Wednesday, October 16, 2013

Subtract some of the ads


Hey, Australia: Ease up on the ads, will you?

I went to my first movie at the Hoyts theater chain since arriving in Australia on Tuesday, and here's what I saw: ads.

Oh, I think there was a movie tacked on to the ending. I can't remember. (Yes, the Naomi Watts-as-Princess Di movie, Diana, was pretty forgettable, but it was also pretty passable considering the early reviews.)

I was rushing to make a 1:10 showing at a theater that was nearly an hour's tram ride from my house. I wouldn't normally travel so far to see a movie, except that the theater was in the same mall as the Ikea, and we needed to pick up a bedside table that had been out of stock last time I checked. Seeing as how Tuesday is the day for "cheap" movies at Hoyts ("only" $12 a ticket), I figured this would be a great occasion to patronize Hoyts for the first time.

Well, I could have slowed my pace just a little bit.

I arrived at 1:12 ... and still had 20 more minutes of ads and trailers to sit through before the movie started. Really. Twenty minutes.

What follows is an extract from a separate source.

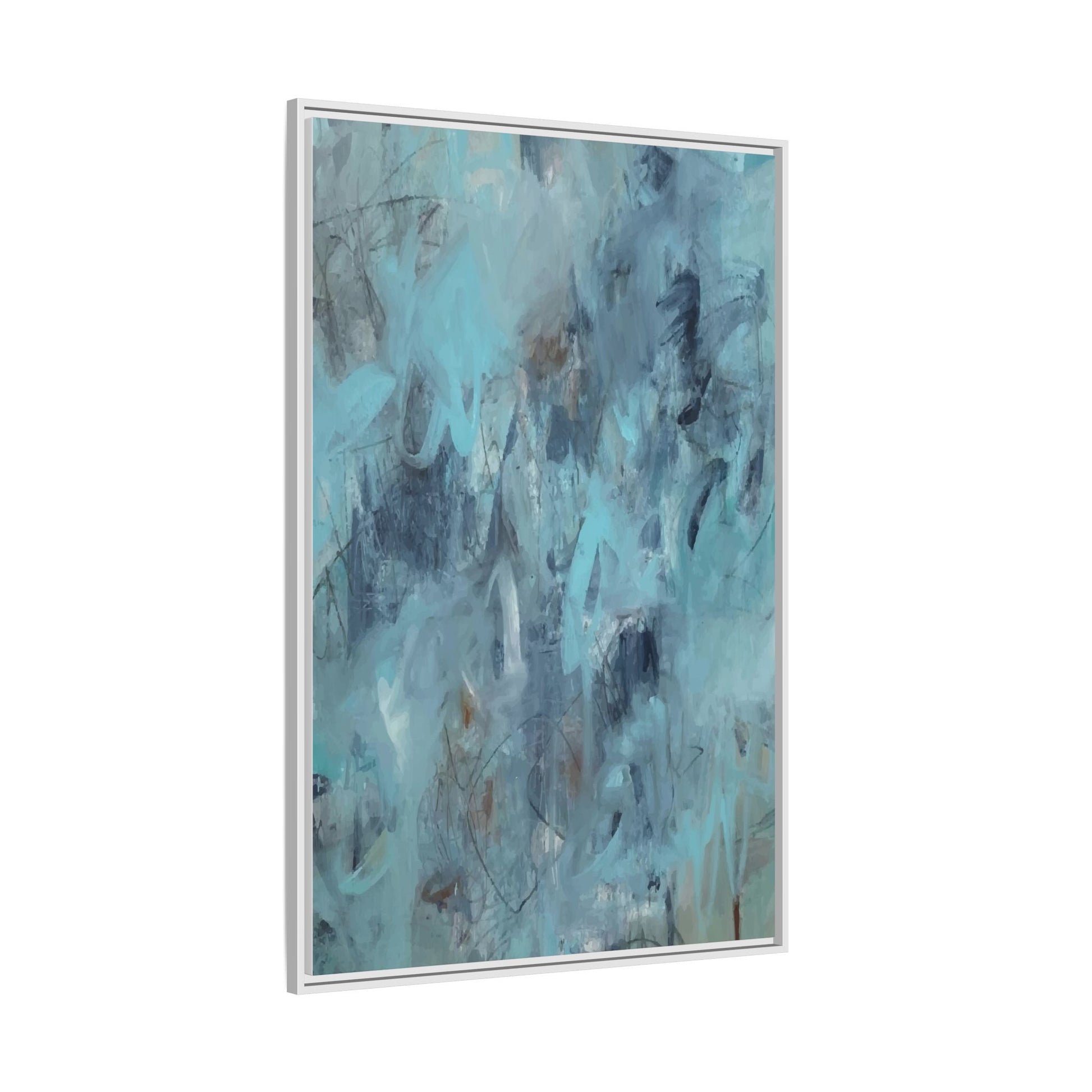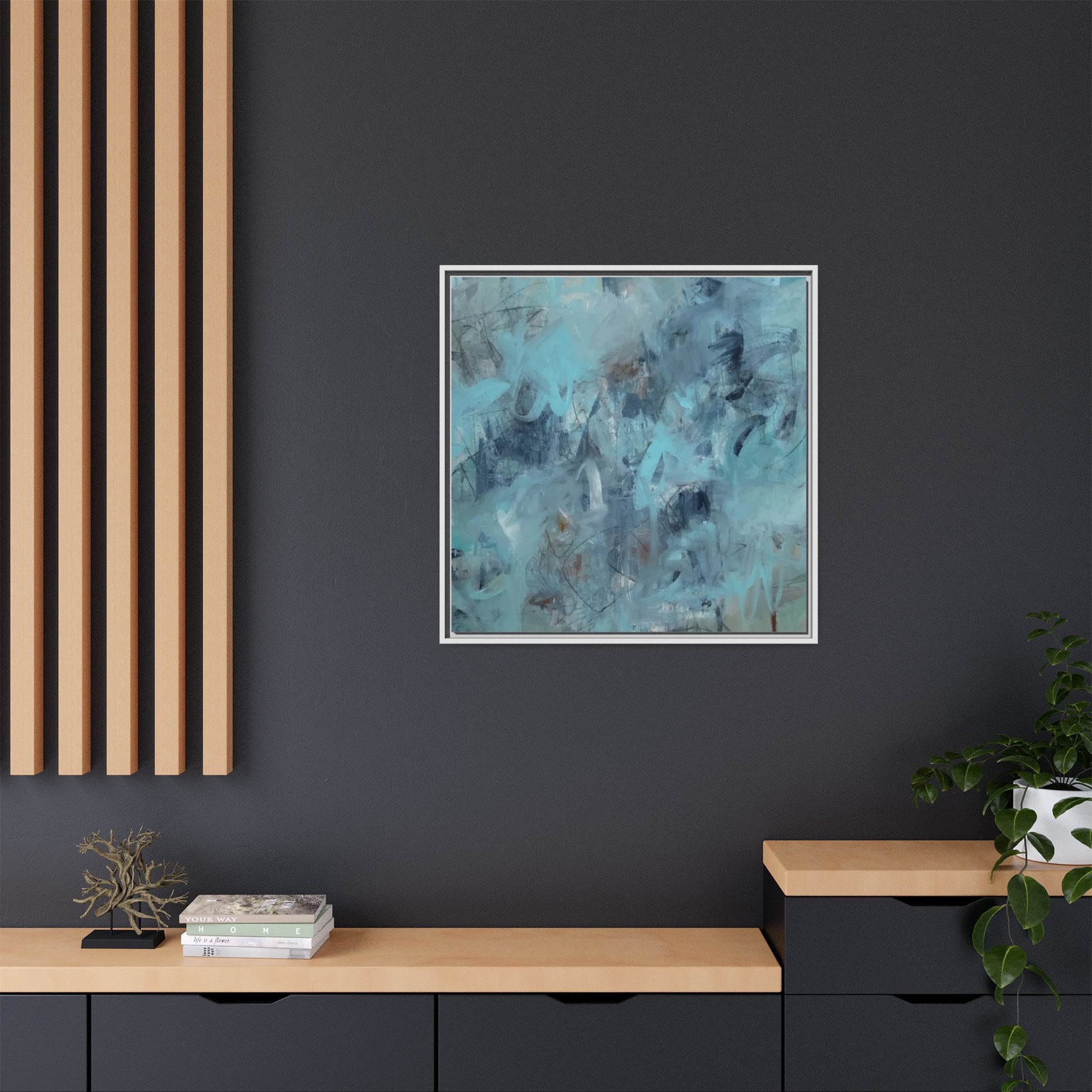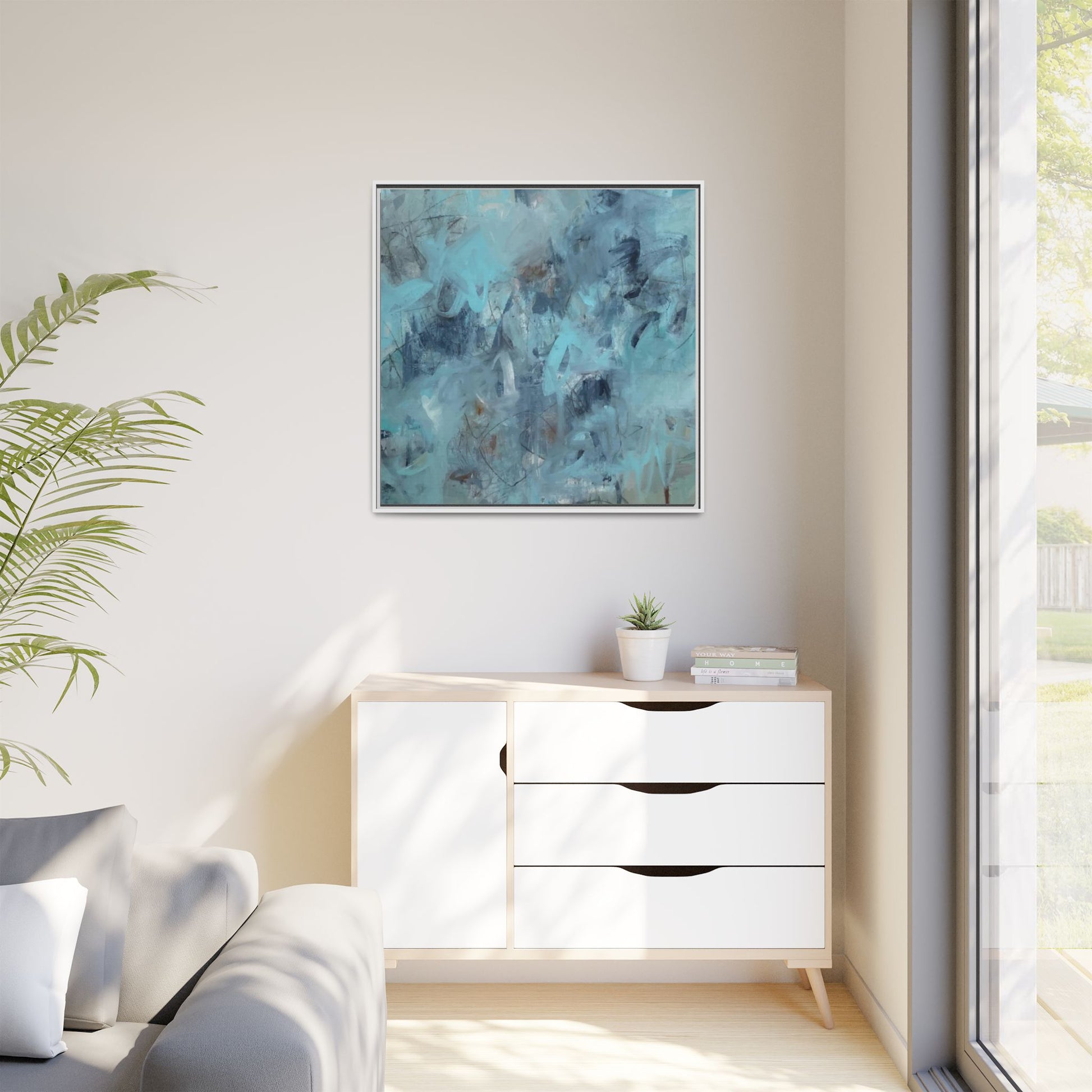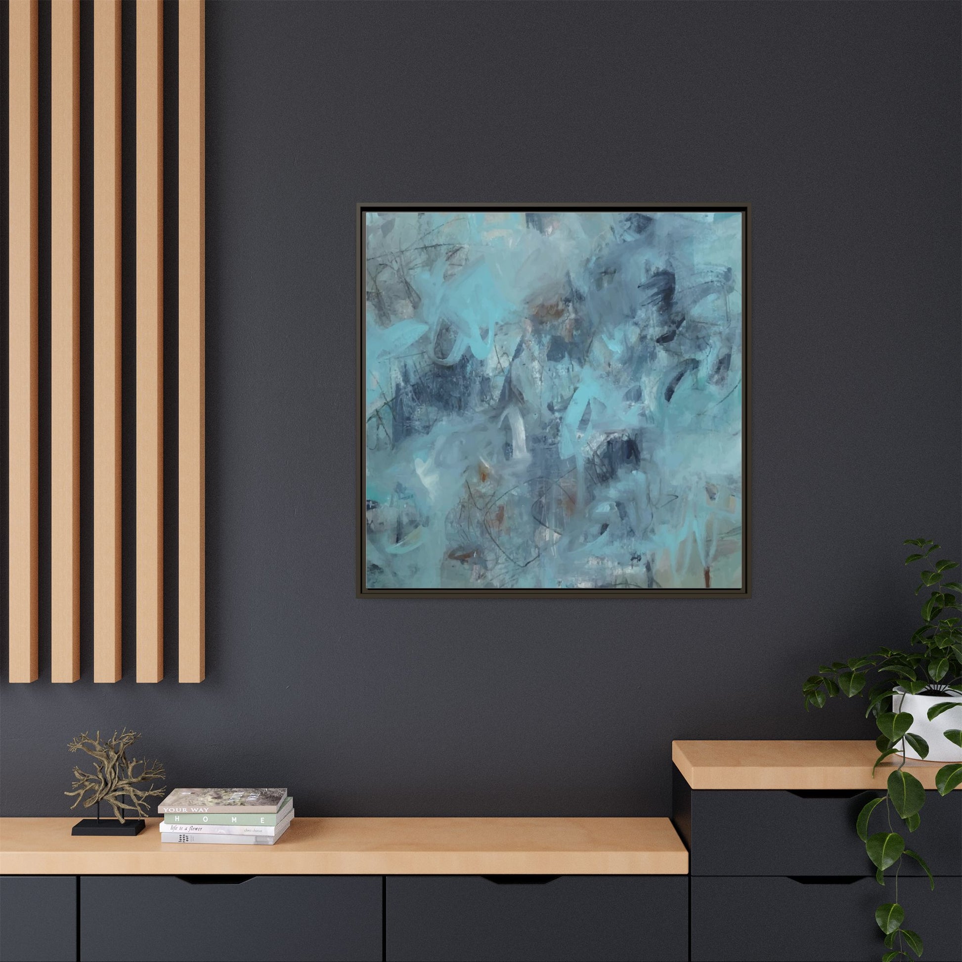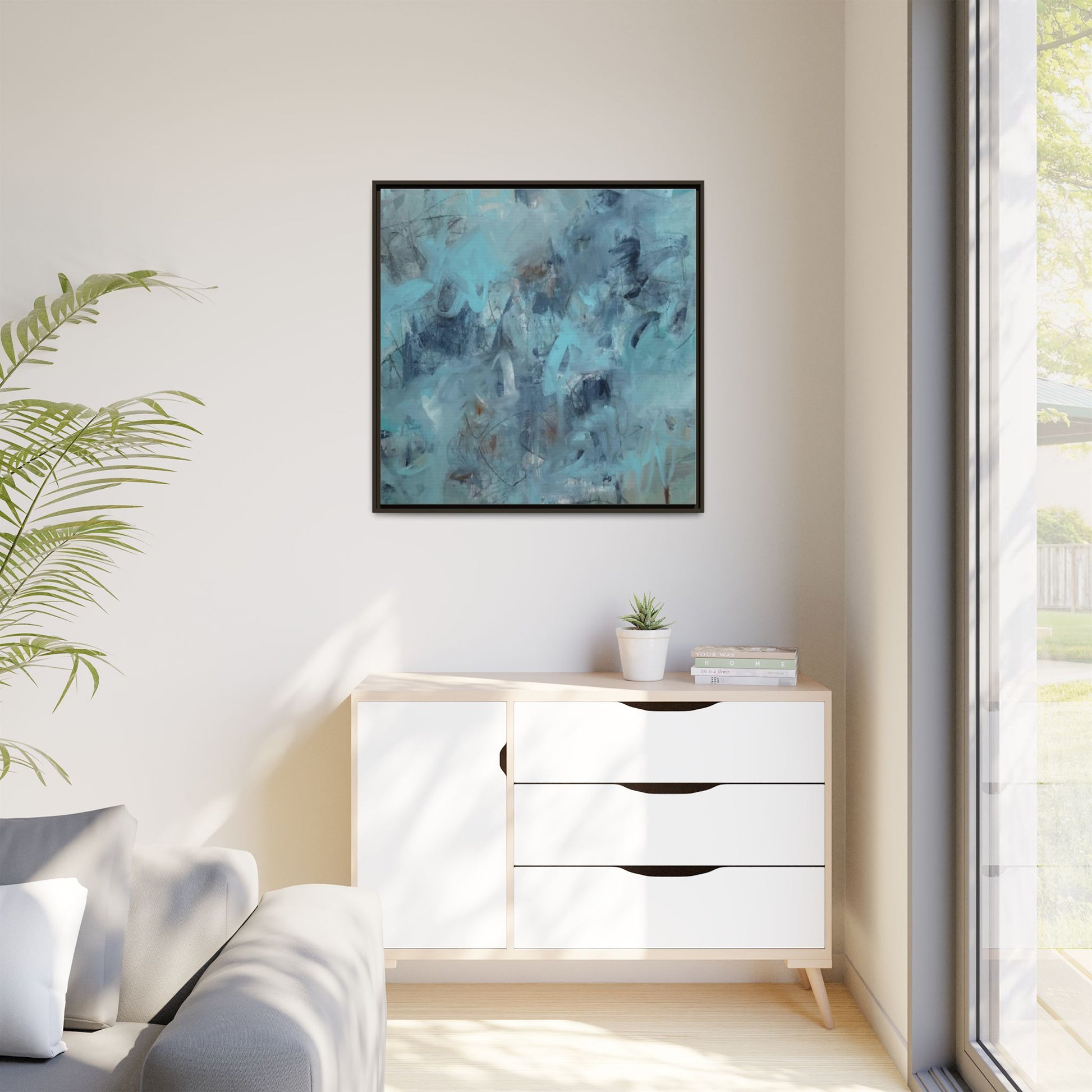 This abstract art piece is a mesmerizing composition in shades of blue, teal, and gray, creating a dreamlike and ethereal landscape. The painting features fluid, organic shapes and textured brushstrokes that overlap and intertwine, generating a sense of movement and depth. Soft, translucent layers of paint create a sense of atmosphere, with darker navy and slate blue tones contrasting against lighter aquamarine and white highlights. Gestural marks and linear elements weave through the composition, adding dynamic energy and visual complexity to the artwork. The overall effect is contemplative and reminiscent of a misty seascape or an abstract interpretation of natural phenomena like clouds, water, or geological formations.

I guess I've been a bit spoiled by my regular Monday visits to Cinema Nova, where you get almost no ads before they launch into the trailers. And I don't mind a few, having certainly become accustomed to that in the U.S.

The reason the bevy of ads that preceded Diana really bothered me, though, is that they broke from a U.S. custom that I thought would be easy enough to follow internationally. Namely, the first movie trailer did not signify an end to the commercials. In fact, just the opposite.

Fairly soon after sitting down, I got a trailer for the inspirational dramedy One Chance, in which a tubby British boy becomes an unlikely opera sensation. (Don't know why it's so unlikely -- aren't most opera singers tubby?)

Following this was, I don't exaggerate, ten commercials. Ten.

At about 1:25 I figured that the movie was ready to start. I figured wrong. This kicked off another six movie trailers.

Only at long last did the further dimming of the house lights indicate that we were finally going to get a movie.

Maybe being inundated with ads is a Tuesday thing. "You don't have to pay $19 for the movie, but your penalty is 37 minutes worth of ads."

So back to Cinema Nova next Monday it is, then.